O PSOL entrou em junho de 2018 com a Arguição de Descumprimento de Preceito Fundamental (ADPF) nº 522 contra as duas leis, ambas sancionadas no ano de 2017. Na ação, o partido argumenta que elas ferem a Lei de Diretrizes e Bases Nacional (LDB) e a Constituição Federal de 1988, no que diz respeito à "laicidade do estado e dos direitos fundamentais à igualdade, à liberdade de ensino e de aprendizado, à proteção contra censura e à liberdade de orientação sexual", diz nota do PSOL enviada ao JC.
Segundo explica o advogado do PSOL André Maimoni, a ação do partido está fundamentada no princípio da incompetência dos municípios de legislarem sobre matéria de diretrizes e bases da educação nacional, que cabe à União.

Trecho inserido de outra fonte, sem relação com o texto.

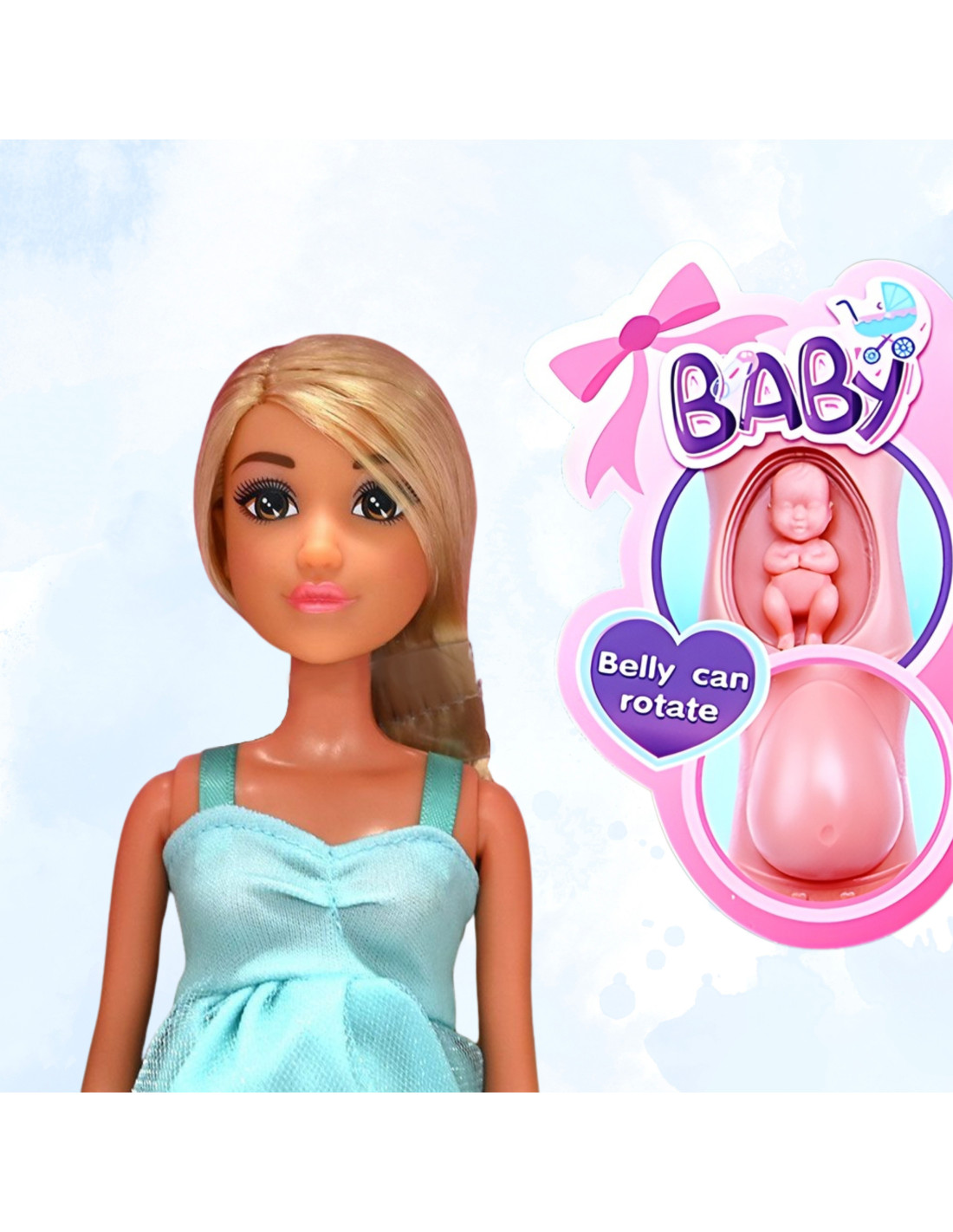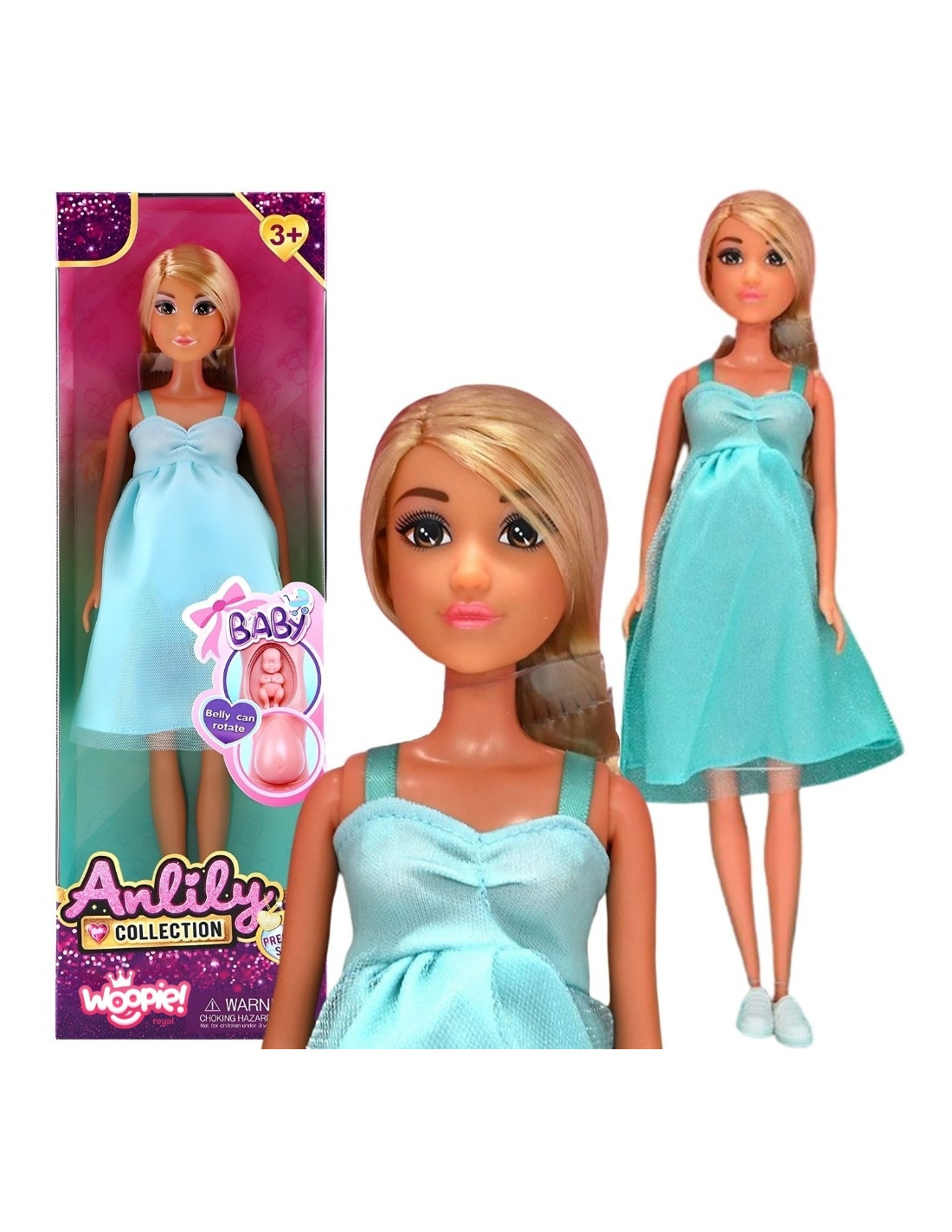 This doll representing a mother-to-be from the Woopie brand is a unique option for children interested in family, motherhood, and caring for little ones. This unique doll was designed to realistically recreate pregnancy and birth . Its greatest feature is a rotating belly from which the baby can be removed – a feature that allows children to simulate labor scenes, caring for the baby, and family moments right after birth. The doll is dressed in a delicate blue dress , giving her an elegant look. Her blond hair and delicate facial features make her easily endearing to children and make her a favorite playmate. Thanks to the simple mechanism for removing the baby, the toy is easy to use, even for younger children . This doll is not only a source of great fun but also a tool for supporting a child's emotional development . It teaches empathy and understanding the role of a mother, and also facilitates conversations about birth, family bonds, and love. It is perfect for both independent play and playing with peers or parents.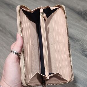 Vintage Cole Haan Peachy Cream Zip Around Wallet, lots of room for storage and cards. Please see pics for use and light stain in leather on back. Zipper works great and lots of life left. Soft and supple.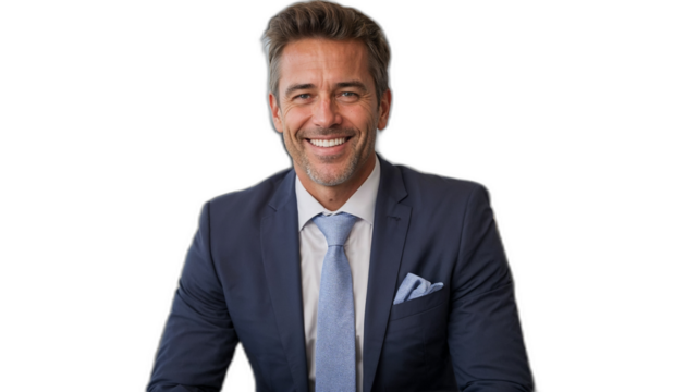 透明な背景に不動産CEOが笑顔を見せる、成功とリーダーシップの瞬間。生成AI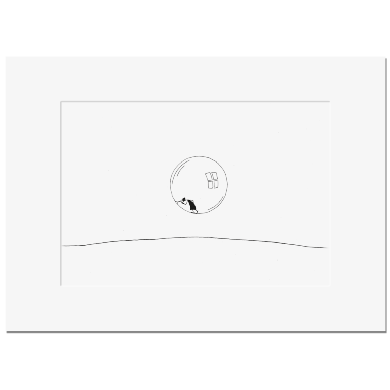 Die Motive für diese Serie zeichne ich mit Spitzfeder und Tusche auf speziellem Zeichenkarton. Dabei versuche ich, die Szene auf ein Minimum zu reduzieren und die Komik der Situation mit möglichst wenigen, klaren Strichen festzuhalten.

Questão que já está pacificada dentro do STF pois já houve decisões anteriores na Corte pela incompatibilidade desse tipo de legislação municipal.
"Não é só por uma questão ideológica, porque na nossa opinião essas leis são uma tentativa de burlar a necessidade de discutir sexualidade e gênero nas escolas", disse. Em agosto de 2020, por exemplo, o STF julgou inconstitucionais três leis de Paranaguá (PR), Palmas (TO) e Londrina (PR) que vedavam o ensino sobre gênero e orientação sexual nas escolas.

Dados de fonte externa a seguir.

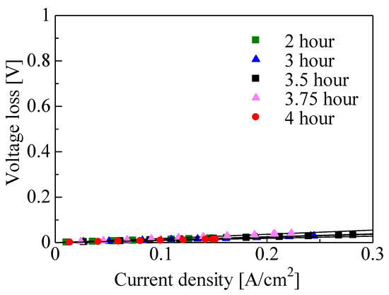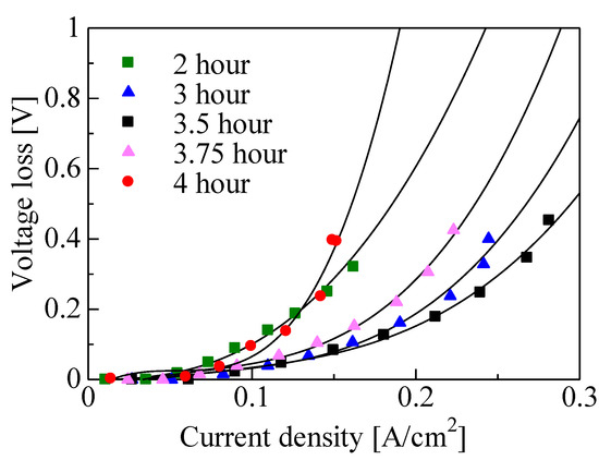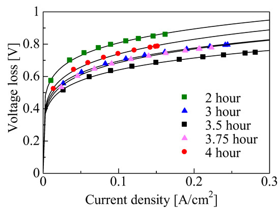 Figure 8 shows the voltage loss due to diffusion polarization for the various growth times. The diffusion polarization of an electrode is a result of the formation of a diffusion layer for fuel gas at the three-phase boundary or the water as a byproduct of an oxygen reduction reaction. Diffusion polarization can be calculated using the following equation: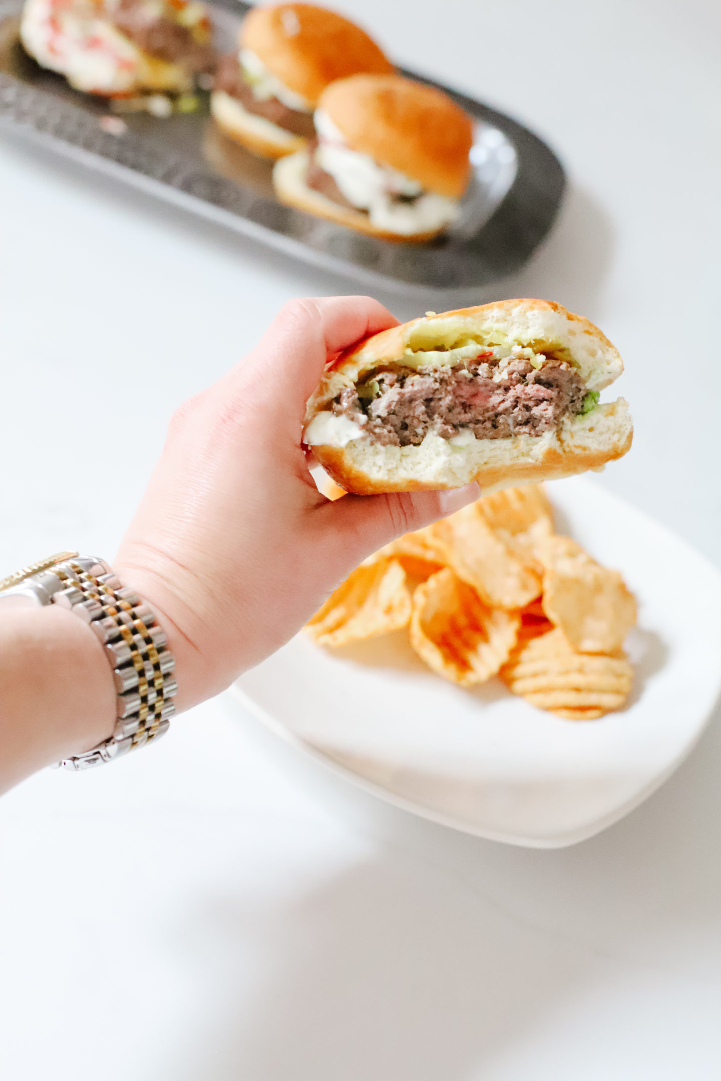Add any other burger trimmings you’d like! We kept it simple with dill relish and tomato slices. Time to make your slider and enjoy! Serve with your favorite chips!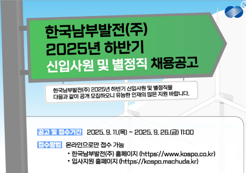 한국남부발전이 2025년 하반기 신입사원 및 별정직 94명을 공개 채용한다. 채용 규모는 대졸 수준 81명, 고졸 10명, 별정직 3명이다. 지원서는 9월 11일부터 26일까지 접수하며, 서류·필기·면접 전형을 거쳐 12월 중 최종 합격자를 발표할 예정이다.

A ação contra as leis de Petrolina e Garanhuns foi incluída na pauta do plenário virtual em junho deste ano. Marco Aurélio Mello, relator da ação, votou pela sua procedência, porém o ministro Kássio Nunes Marques pediu destaque. O julgamento então foi suspenso, retirado da pauta do plenário virtual e consequentemente, só pode voltar para a apreciação dos ministros no plenário presencial. "Ocorre que a pauta está altamente congestionada e o tema não tem mais prioridade no STF", afirmou ainda o PSOL na nota.

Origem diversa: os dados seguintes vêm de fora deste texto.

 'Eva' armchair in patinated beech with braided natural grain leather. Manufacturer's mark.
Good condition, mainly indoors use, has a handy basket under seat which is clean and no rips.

"O feito ainda não foi redistribuído. No presencial o julgamento recomeça, e, apesar de alguma controvérsia, uma vez que o relator já lançou voto, poderia significar que o Min. Mendonça poderia votar", completou o PSOL.
André Mendonça
André Mendonça é o segundo ministro indicado por Bolsonaro para o STF, André Mendonça além de ser ex-controlador geral da União, ex-ministro da Justiça e Segurança Pública, é também pastor presbiteriano. Em seu discurso após a sabatina no Senado, ele classificou a sua ida para a corte como "um salto para os evangélicos".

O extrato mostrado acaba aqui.